Could you transcribe exactly the lines below, from the line with "Porcelain 150 gloss" through the line with "Le samedi 5", and nothing else, leaving out the pictures?

(Records from a data source)
------------------------------------------------------------

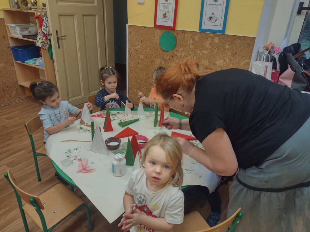 Podzimní počasí nám přeje a tak trávíme spoustu času venku. Na zahrádce děti hrabou listí a poprvé zkoušíme vyrobit Listovku, tak nám držte palce 🙂 Podzimní příroda se krásně zbarvuje a při procházkách po okolí pozorujeme tyto pestrobarevné změny. Už se pilně připravujeme na tradiční Vánoční zpívání 🙂
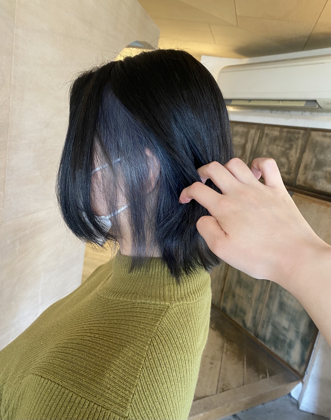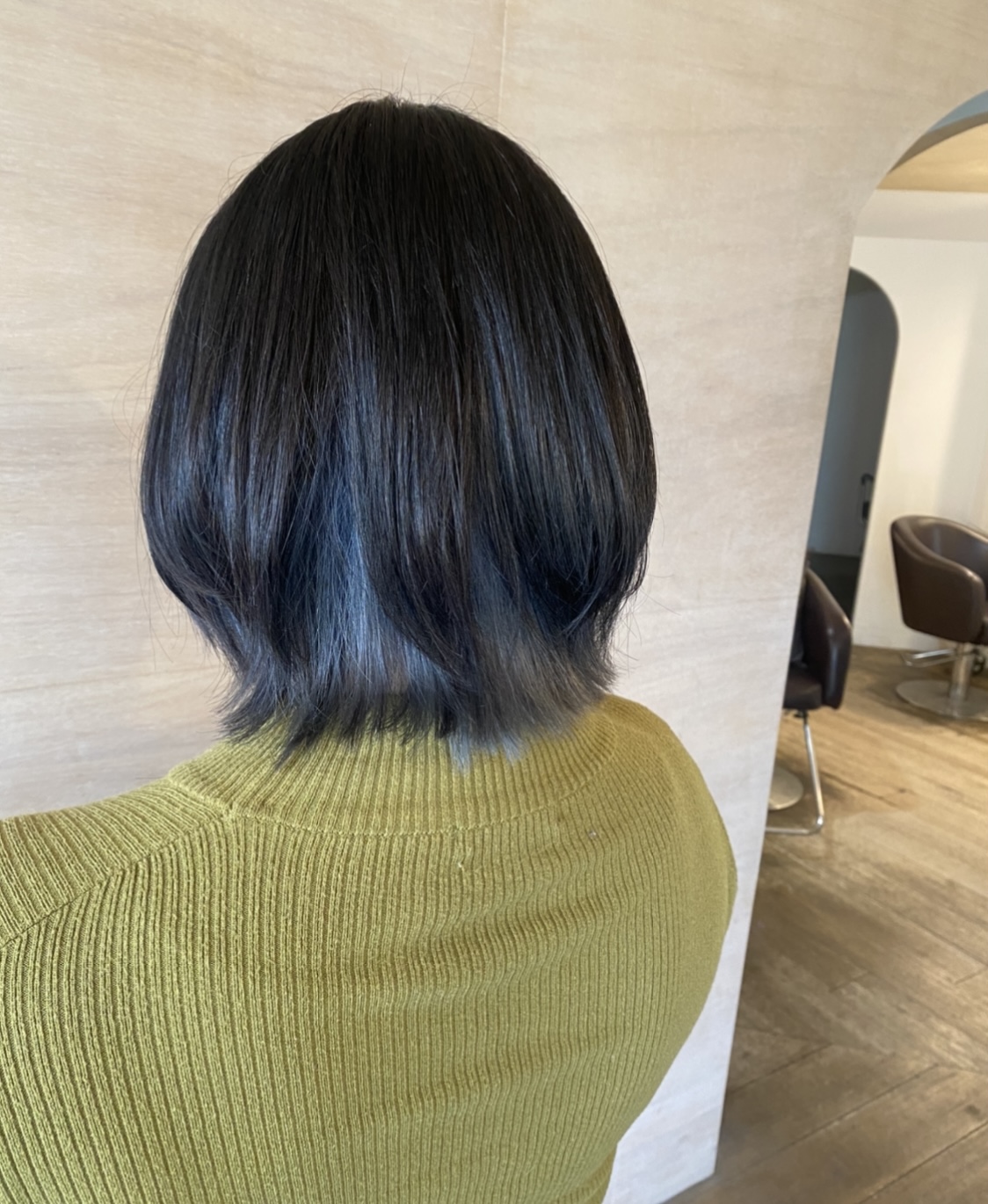 ブリーチ2回ベースに、ブルーを少し混ぜたグレーを入れました!
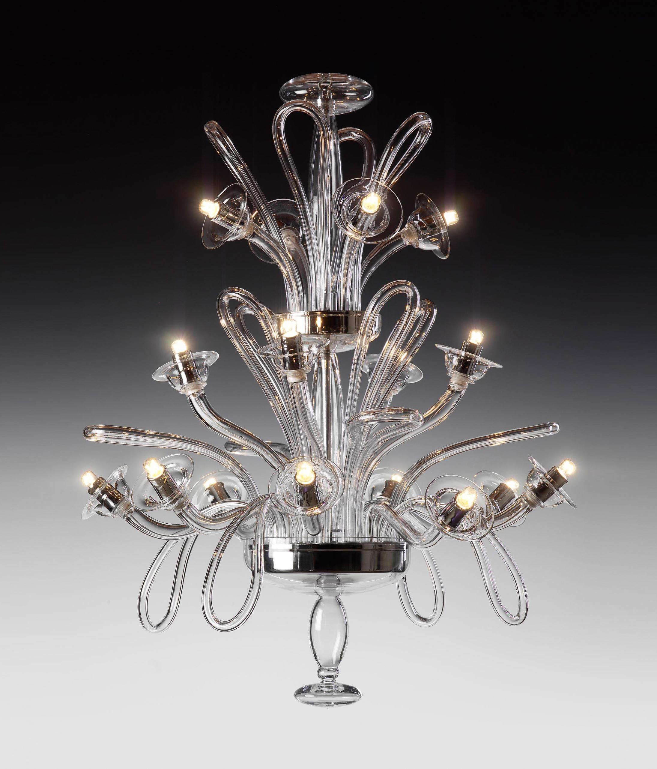 An impressive Murano chandelier that brings fresh simplicity to the traditional outline. Light sources are set at naturalistic angles among armatures made from a simple loop, adding movement and dynamism to the whole. Suitable as an impressive feature.
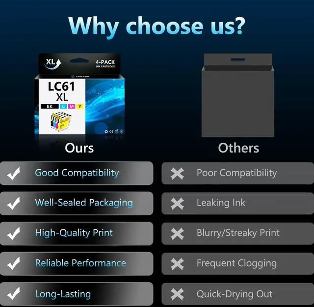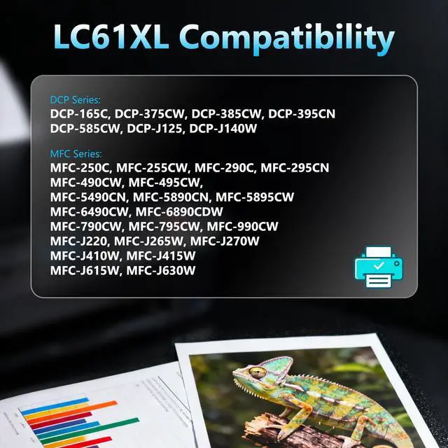 Includes: 4 Pack for LC61XL ink cartridges(1 x Black, 1 x Cyan, 1 x Magenta, 1 x Yellow)
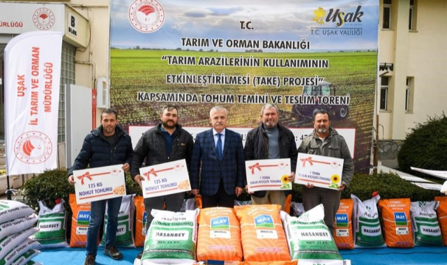 “Bu projelerden; 'Yağlık Ayçiçeğini Geliştirme Projesi' kapsamında Uşaklı üreticilerimize yüzde 50 Bakanlık yüzde 50 üretici katkılı olmak üzere 40 bin dekarlık alanda bin torba sertifikalı yağlık ayçiçeği tohumu dağıtılmış olup, 2021 yılında 5 bin 670 dekar olan ekim alanı 2023 yılında 40 bin dekara çıkarılmıştır. 'Nohut Üretimini Geliştirme Projesi' kapsamında yüzde 55 Bakanlık yüzde 45 üretici katkılı 4 bin dekarlık alanda 50 bin kg. sertifikalı nohut tohumu ve 'Keten Üretimini Geliştirme Projesi' kapsamında yüzde 75 Bakanlık yüzde 25 üretici katkılı 3 bin dekarlık alanda 12 bin kg. sertifikalı keten tohumunu çok kıymetli üreticilerimizle buluşturmanın mutluluğu içerisindeyiz.
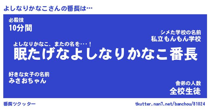 | 肩書あだ名 | 『よしなりかなこ店長』 |
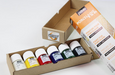 Porcelain 150 gloss initiation set 6 x 20 ml : ivory, citrine, scarlet, lapis, olivine, anthracite. Water base for creation on porcelain objects (tableware).
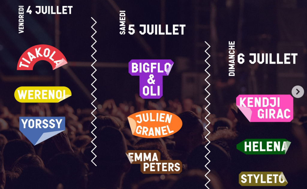 Le samedi 5 juillet s’annonce comme une journée phare, avec des artistes incontournables. Bigflo & Oli, le duo toulousain au succès immense, seront présents pour offrir un show énergique et touchant, où leurs célèbres tubes se mêleront à des moments d’émotion pure. Le public pourra aussi découvrir Julien Granel, dont l’univers pop électro, à la fois léger et profond, séduira les amateurs de mélodies envoûtantes. Enfin, Emma Peters, l’une des voix montantes de la scène pop française, clôturera cette soirée avec ses compositions personnelles et sa voix émotive, promettant une performance pleine de sensibilité.
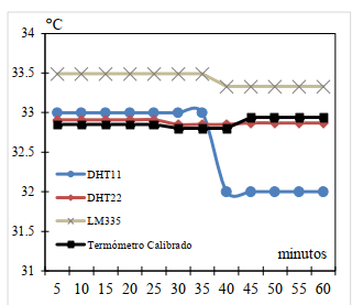 Las mediciones de temperatura en el exterior e interior del espacio estudiado se realizaron mediante el sistema JRMETER, con base en una plataforma Arduino y sensores de temperatura DHT22 [9]. Este sistema fue presentado en [10], y consiste en un sistema de análisis energético y de temperatura de las ventanas de un aula de clase con y sin aislamiento térmico, con la diferencia del cambio en el tipo de sensor empleado. Para la selección del sensor apropiado, se procedió a programar 3 tipos de sensores de temperatura, específicamente el LM335 [11], DHT11 [12] y DHT22 [9], a través de una conexión sencilla mediante Arduino. Cada sensor midió temperatura durante una hora. Se observó la estabilidad de las mediciones captadas y con un termómetro digital calibrado CIE 305/307, se comprobaron los valores de temperatura obtenidos. En la figura 3 se puede apreciar que las temperaturas medidas por el sensor DHT22 se aproximan a los valores obtenidos con el termómetro calibrado.
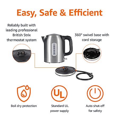 - SAFETY FEATURES: Automatic shut-off and boil-dry protection provide safe operation when you use this electric water boiler. A heat resistant handle allows safe, comfortable pouring
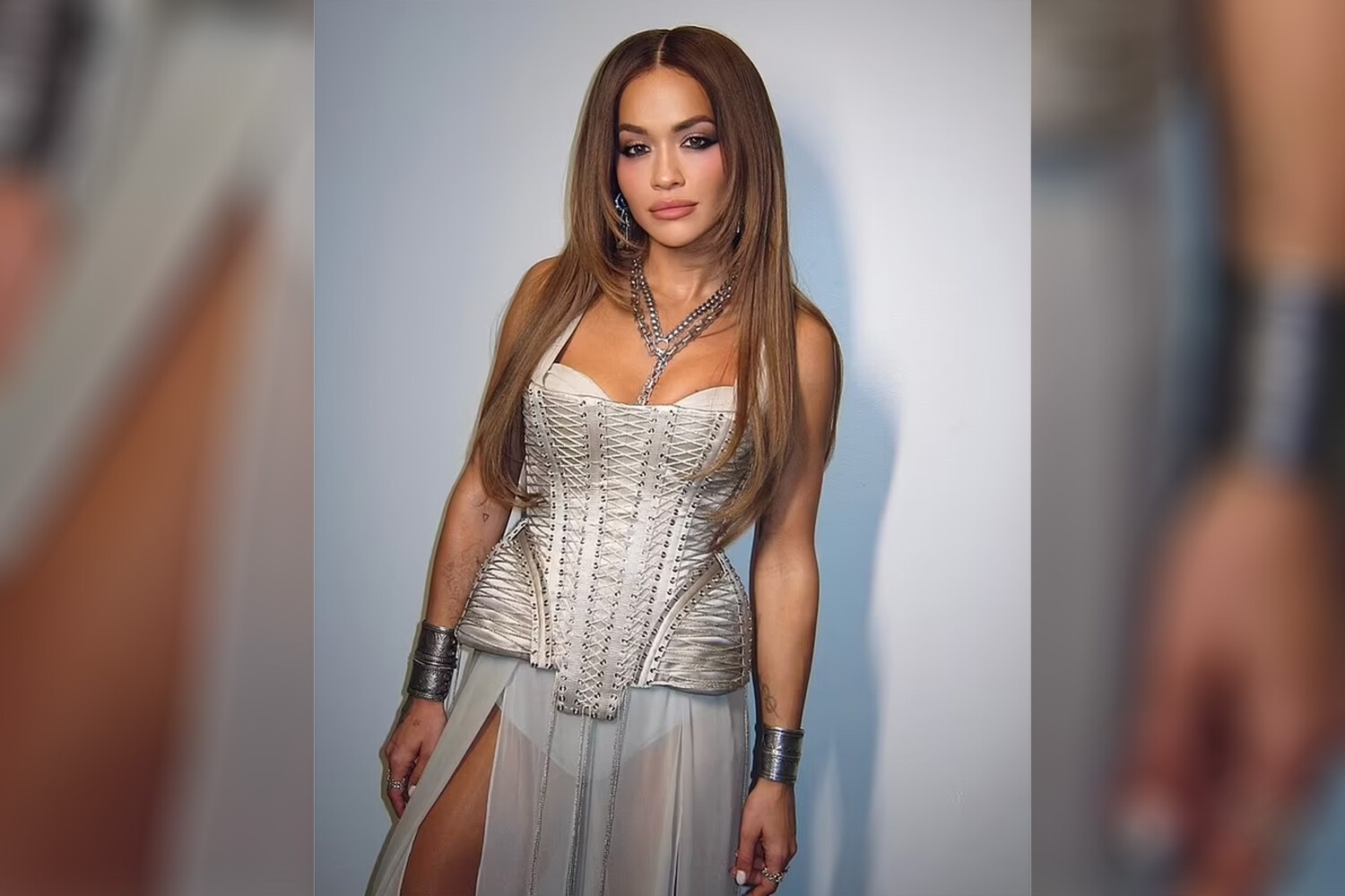 В мае публика увидела Риту в изящном серебристом атласном корсете со шнуровкой в сочетании с серой прозрачной юбкой с разрезом до бедра. Украшениями к наряду стали серьги, массивное колье-цепь, браслеты и кольца.
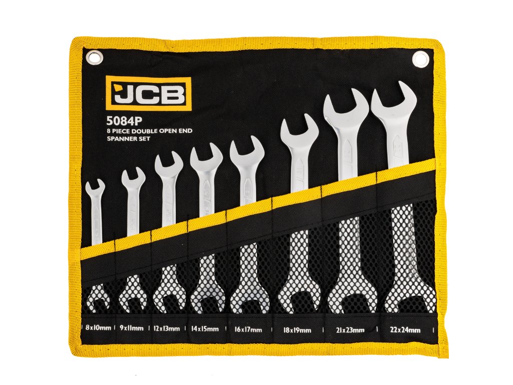 JCB Sada plochých oboustranných klíčů 8 ks, 8–24 mm, Cr-V v pouzdře
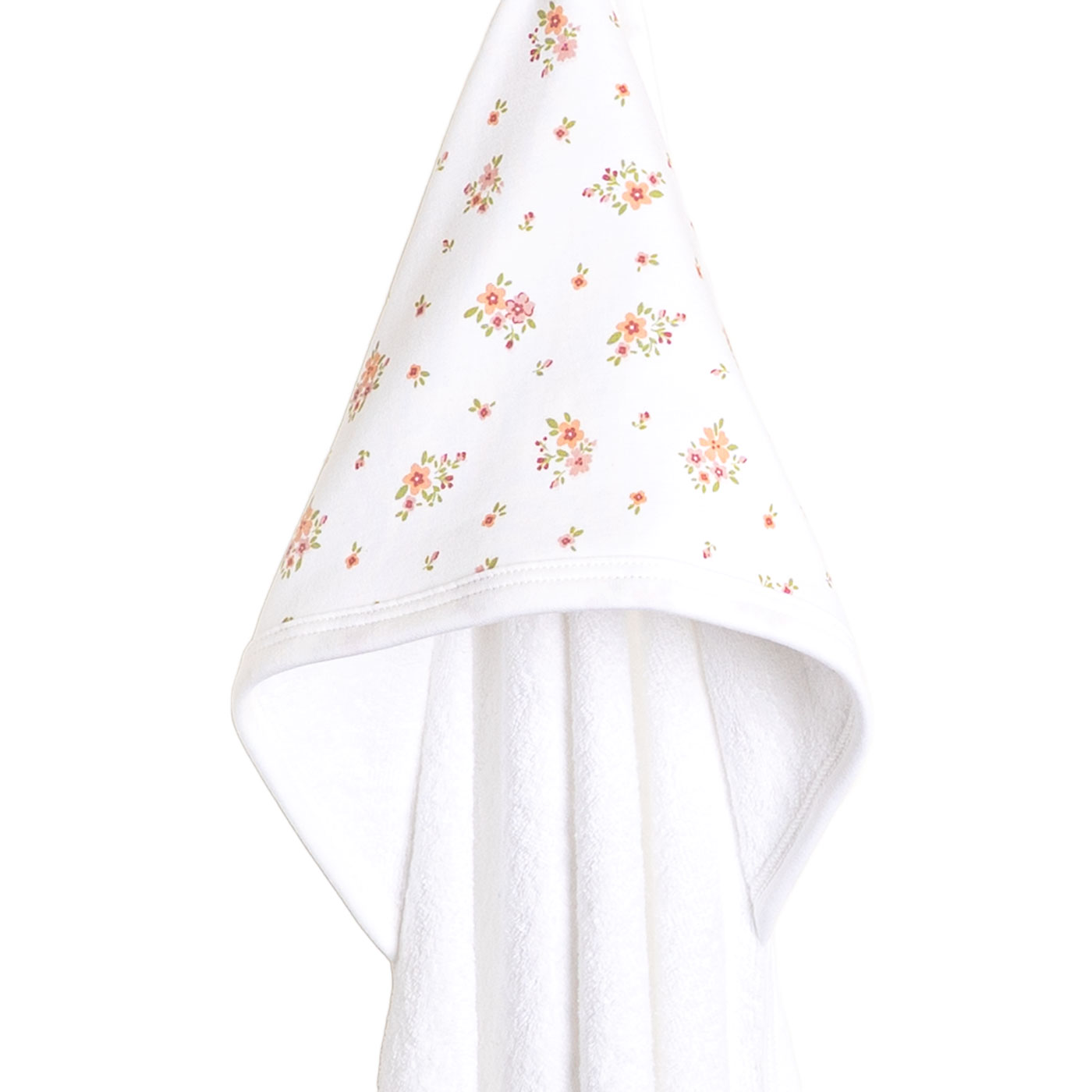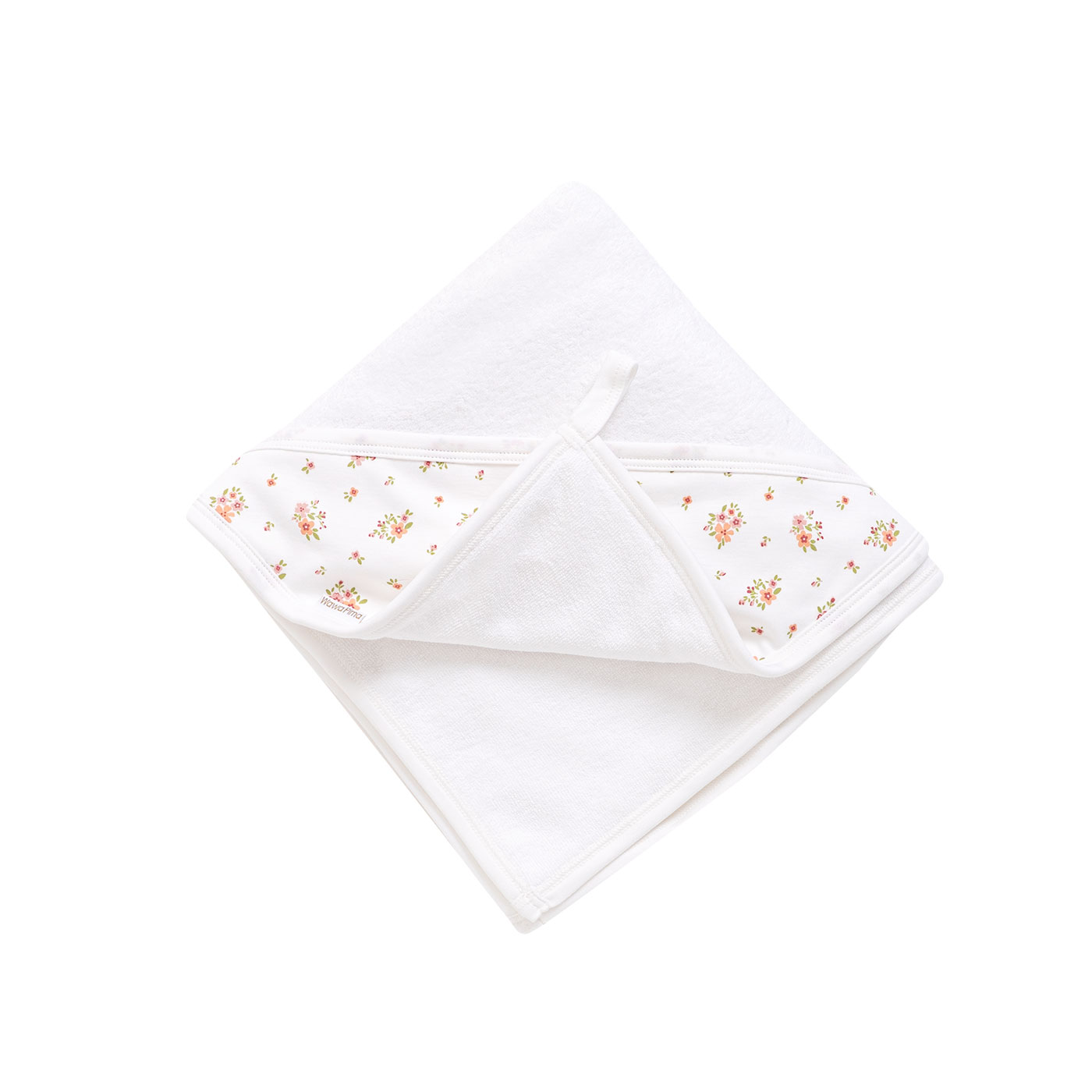 Toalla con capucha para bebé de la colección SWEET FLOWERS, confeccionada con exterior en algodón pima y felpa interna color blanco 100% algodón, ideal para cuidar la piel delicada de tu bebé después del baño. Su diseño de 1m x 1m brinda una cobertura completa, manteniendo a tu bebé abrigado, seco y cómodo. Es súper suave, absorbente y perfecta para el uso diario, convirtiéndose en un básico esencial dentro de la ropa para bebé. Gracias a la calidad del algodón pima, esta toalla ofrece una textura delicada, transpirable y duradera, ideal para bebés recién nacidos.

------------------------------------------------------------

→ YOUR SOLUTION
 Porcelain 150 gloss initiation set 6 x 20 ml : ivory, citrine, scarlet, lapis, olivine, anthracite. Water base for creation on porcelain objects (tableware).
 Le samedi 5 juillet s’annonce comme une journée phare, avec des artistes incontournables. Bigflo & Oli, le duo toulousain au succès immense, seront présents pour offrir un show énergique et touchant, où leurs célèbres tubes se mêleront à des moments d’émotion pure. Le public pourra aussi découvrir Julien Granel, dont l’univers pop électro, à la fois léger et profond, séduira les amateurs de mélodies envoûtantes. Enfin, Emma Peters, l’une des voix montantes de la scène pop française, clôturera cette soirée avec ses compositions personnelles et sa voix émotive, promettant une performance pleine de sensibilité.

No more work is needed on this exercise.